Okera Platform Memory Usage

In general, there are many reasons for a process to manage its own memory, instead of relying on the operating system. Requesting and freeing memory from the operating system carries a substantial performance trade-off. Therefore, Okera minimizes the number of calls to the operating system to deal with allocating or freeing memory. We use the [tcmalloc library] (http://goog-perftools.sourceforge.net/doc/tcmalloc.html), in addition to internal memory pooling for efficiency.

Internal Memory Pooling Behavior

In its default configuration, ODAS assumes it is not running on the same VMs as other resource intensive processes so returning back to the OS doesn’t provide much benefit. Even with other resource-intensive processes, there are other ways to tune the process; constantly trading memory back and forth can lead to unpredictability, which is generally not good (we prefer VM level isolation).

For monitoring purposes, memory usage is not proxy for service load.
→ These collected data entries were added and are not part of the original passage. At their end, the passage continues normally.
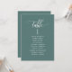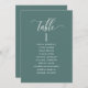 Help your guests find their table with this elegant modern seating plan cards with guests names. Double sided cards so guests can look from both, front or back for their names. Clear space all around giving you the liberty to use clips or punch hole for hanging displays, or use table holder/frame. Eucalyptus green background and white text. Modern hand written calligraphy details. Several colour options. Have all table numbers in same colour or mix colours according to your event's colour theme.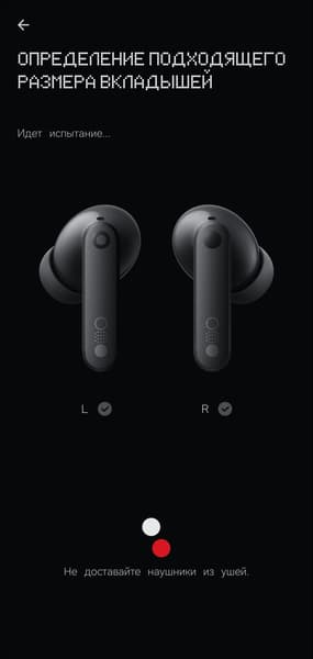Сервис определения качества посадки и «подходящести» размера вкладышей работает стандартным образом: динамики наушников воспроизводят специальный сигнал, а внешние микрофоны пытаются его уловить. Если у них это получается, значит, уровень утечек слишком велик, наушники сидят плохо, есть смысл сменить силиконовые насадки. Мы протестировали работу системы, чуть ослабив крепление правого наушника — приложение тут же нам об этом сообщило.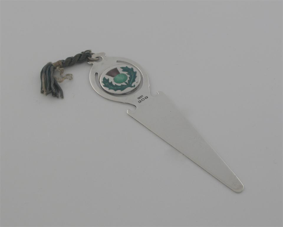 A modern book mark, with an enamelled thistle on the terminal, by Turner & Simpson, Birmingham 1948, 4.25in (10.8cm) long, 0.5oz.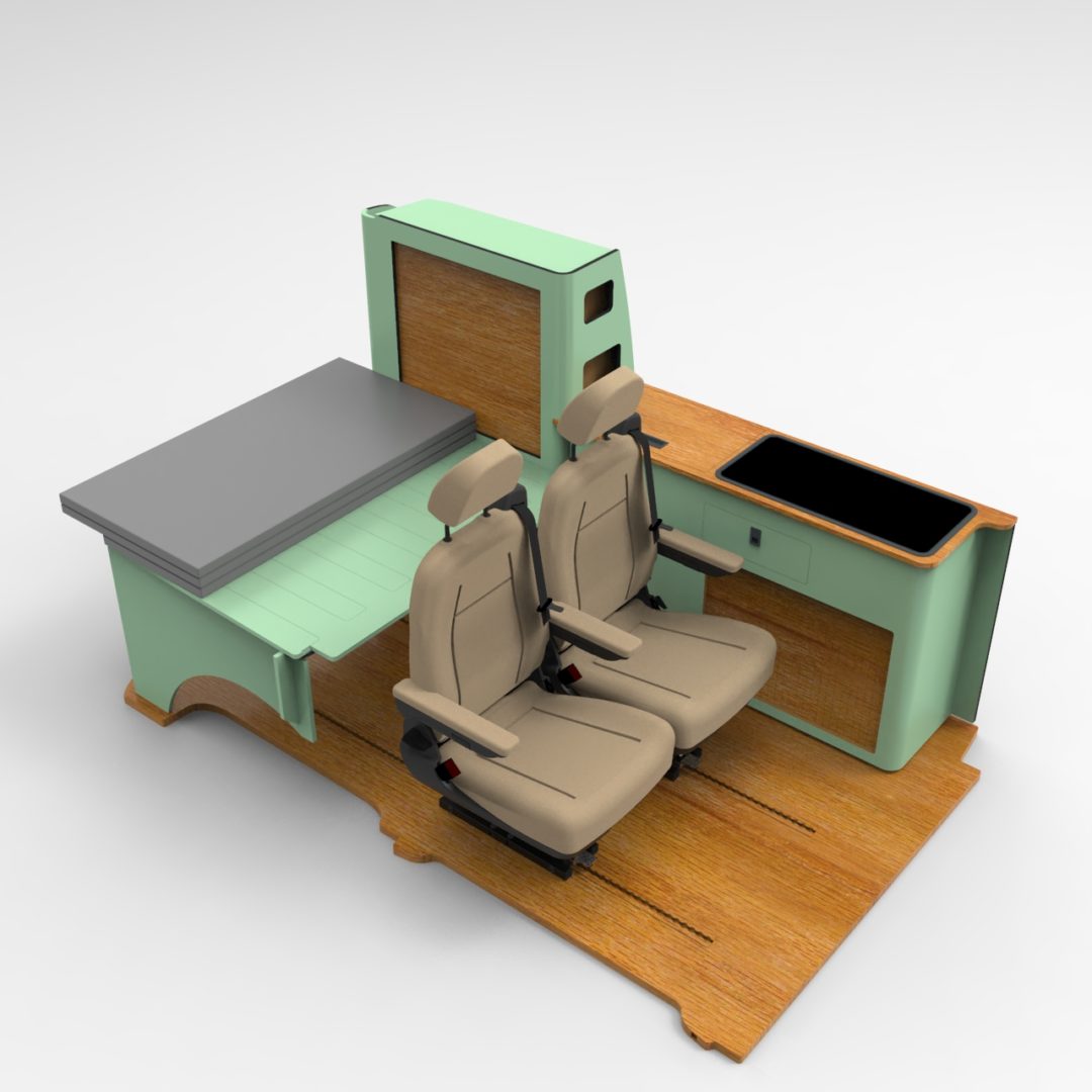 L’ensemble permet d’aménager votre véhicule utilitaire en camping-car facilement grâce à un système de montage rapide et simplifié.

CPU usage and network IO are much better metrics to be tracking.

Only the memory usage of the workers is expected to be high. All the other services maintain very little state.

The general calling pattern for a scan is:

A user makes a request to the Planner, which returns a list of tasks. Since this only hits the Planner, this has minimal memory usage on the Planner. Expect to see high IO and CPU load, as generating the splits can be compute- and IO-intensive for large datasets.

For large datasets, the list of tasks will be far larger than the number of works or processor cores in the compute cluster. For example, we may return 1,000 tasks, but the EMR cluster only runs 64 (based on EMR cluster size, etc) at a time. Continuing with this example, the 64 tasks (run from EMR) get run on all the workers, distributed randomly. In a 10-node ODAS cluster, each node would be expected to see 6-7 concurrent tasks, but you will see some variance in practice due to randomness. It would be unsurprising if the range across the workers was 4-10 concurrent tasks.

When each task begins running, it starts using memory. When it is done, it frees that memory (to the worker, not the OS as above), and EMR will schedule the next task, which does the same thing. In this case, the peak memory required would be equal the memory requirement per task multiplied by the peak number of concurrent tasks (in this example: 10).

The memory requirement per task is typically low (maintaining a few buffers that read data from S3), but it is workload dependent. This is typically in the range of 10-100MB per task. In this case, perhaps a peak usage of 1GB. In scenarios with large numbers of concurrent users, we may have 200 concurrent tasks per worker (so 2000 in a 10-node ODAS cluster), so more in the 20GB peak range, which we consider acceptable for typical VMs.